— What you have to do —
Nothing should appear in the answer except the lines below from the line containing "兵庫県太子町から「手延素麺揖保乃糸 特級60束入り」が届いた。" through the line containing "Startseite --- Schlaganlage", copied exactly, with pictures left out.

— Data shown —
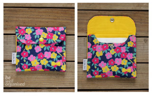 Sekretne etui na art. higieniczne do torebki :). Pomieści 2-3szt. Etui zapinane na zatrzask. Uszyte z bawełny, cienkiej ociepliny, lekko usztywnione.
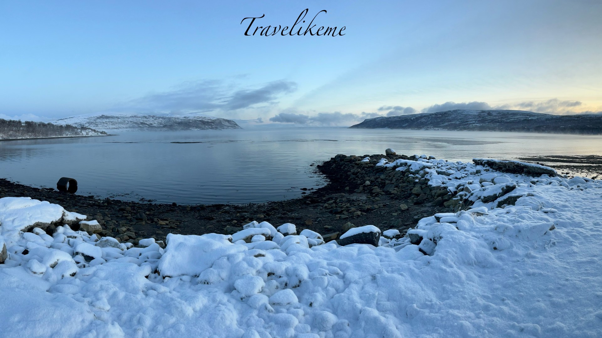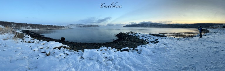 Panoramic shot taken at Russenes in Finnmark County of Norway along the E69 Highway where the Olderfjord Turistsenter AS is situated. Here I am standing at the waters edge of Porsanger Fjord at sunset. This 123km fjord is Norway’s fourth longest and empties out into the Barents Sea.
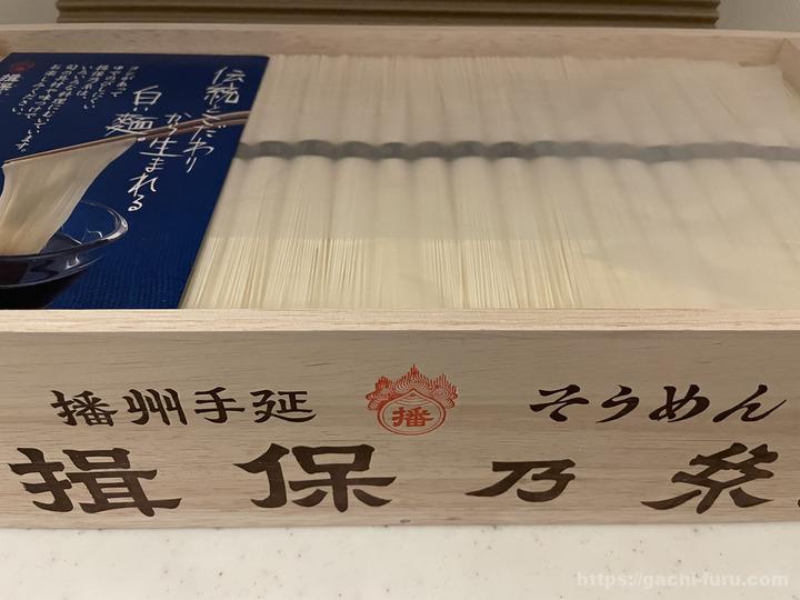 兵庫県太子町から「手延素麺揖保乃糸 特級60束入り」が届いた。
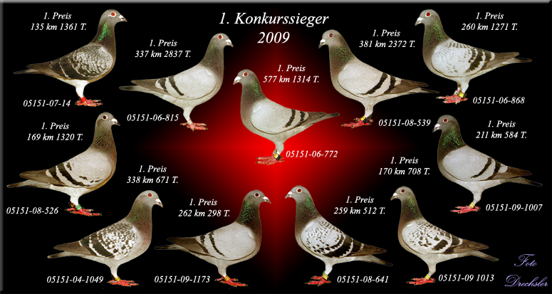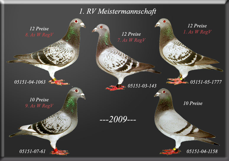 Startseite --- Schlaganlage --- Zuchtaufbau --- Erfolge ---Leistungstauben ---Zuchtpaare Erfolge 2009 |
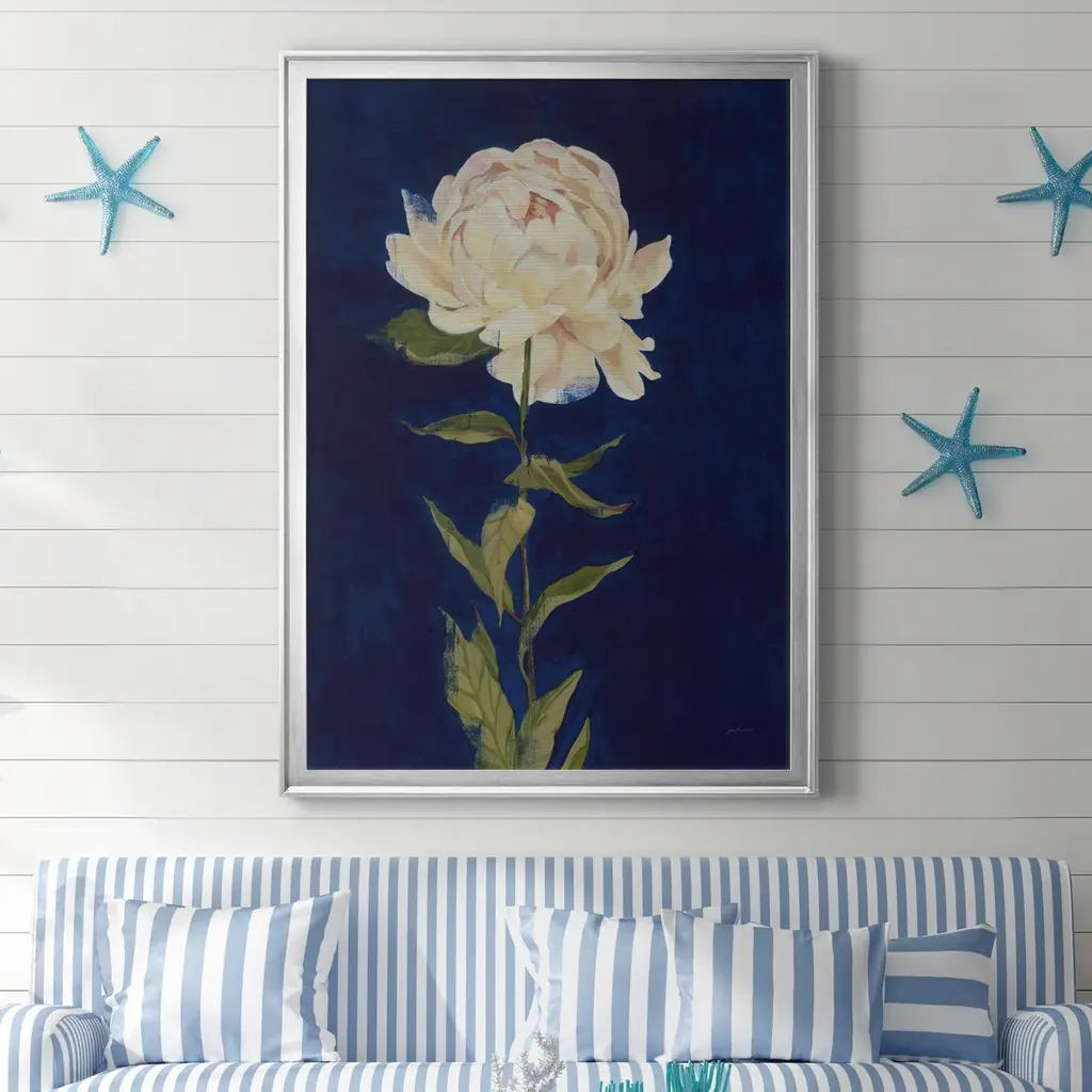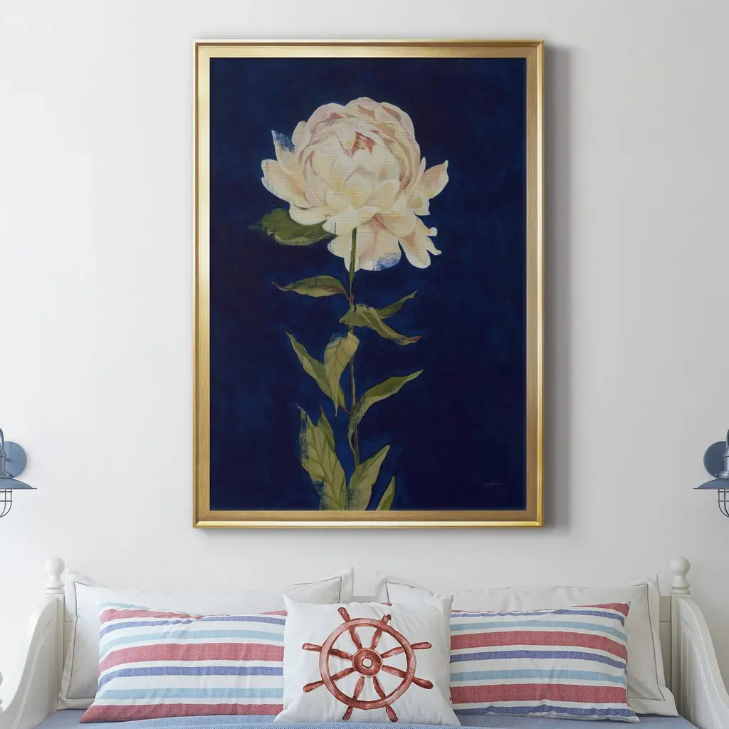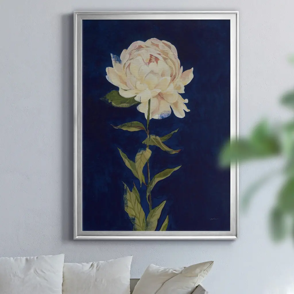 PRETTY AS A PEONY I Premium Framed Canvas - Ready to Hang A Premium Framed Canvas created to last. Framed in distressed wood and available in an array of sizes and colors Featuring a beveled a solid wood stretcher bar, each piece comes ready to hand 4 SIZES AVAILABLE 30.5''X42.5'' - Overall Size 26.5'X36.5'' - Overall Size 22''x30'' - Overall Size 18''x24'' - Overall Size Each piece is made to order. Each piece comes with hanging hardware. Made in the USA Ready to Hang Giclee Paper Print Acrylic Glass Beveled Matt Board

— Your response —
 兵庫県太子町から「手延素麺揖保乃糸 特級60束入り」が届いた。
 Startseite --- Schlaganlage --- Zuchtaufbau --- Erfolge ---Leistungstauben ---Zuchtpaare Erfolge 2009 |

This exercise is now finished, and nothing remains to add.